DARPA developing hypersonic spaceplanes to launch satellites

Credit: DARPA

DARPA has just announced its latest ambition, and this one's a doozy. Jumping into the low-cost orbital vehicle arena, DARPA plans to develop a hypersonic space plane capable of reaching orbit at a cost that is less than one tenth of current orbit-capable vehicles. Oh, and they'd like the spaceplane to be a robot, too.

The idea is still in its concept phase, but that hasn't stopped DARPA from giving it a sweet designation and a list of awesome theoretical capabilities. Welcome to the dawn of the Experimental Spaceplane (XS-1) program. The XS-1 is slated to be fully reusable and to be capable of spur-of-the-moment jaunts into low orbit. There, it will be capable of launching small to medium-sized satellites all by its robotic self.

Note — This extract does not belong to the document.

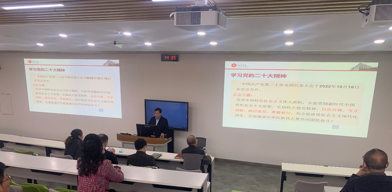 最后,邰明松书记向全体教职工传达了公司相关学习要求,并表示学习贯彻党的二十大精神是当前和今后一个时期的首要任务,全体教职工要深入学习贯彻党的二十大精神,落实公司第九次党代会的精神,以一流学科、一流公司建设为目标,以实干创新的精神和勤奋务实的作风全力推动公司高质量发展,助力公司发展再上新台阶。
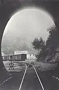 Three of these tunnels were sealed shortly after the line was abandoned: #2/Summit, #3/Glenwood (Laurel), and #4/Mountain Charlie (Clems). Under contract to Southern Pacific, the F.A. Christie railroad salvage firm removed the track and trestles and, when this was completed in April 1942, dynamited these three tunnels. Although a long-persistent rumor holds that destruction of the tunnels was motivated by post-Pearl Harbor fears of a Japanese invasion of the United States West Coast, the decision to dynamite them predated the Pearl Harbor attack and was made solely for business reasons.[26] Tunnel #5/Zayante was also part of the abandoned line, but it was used as a private road after the tracks were abandoned and then as a storage site.[22]

This isn't the first time that DARPA has opened the door for a reusable space plane. In 1999 NASA unveiled the X-34, which was cancelled due to high costs in 2001. Then there was the X-37B, a robotic space plane capable staying in orbit for months (or years) at a time. Neither of these projects, however, was capable of daily missions to orbit or such low projected mission costs.

Exactly what the final version of the XS-1 will look like is still up to debate. In the words of project manager Jess Sponable:

"How it's configured, how it gets up and how it gets back are pretty much all on the table — we're looking for the most creative yet practical solutions possible."

We'll keep an eye on the development of the XS-1. An advancement of this magnitude would advance not only our satellite launch capabilities, but would constitute a leap forward in hypersonic flight as well.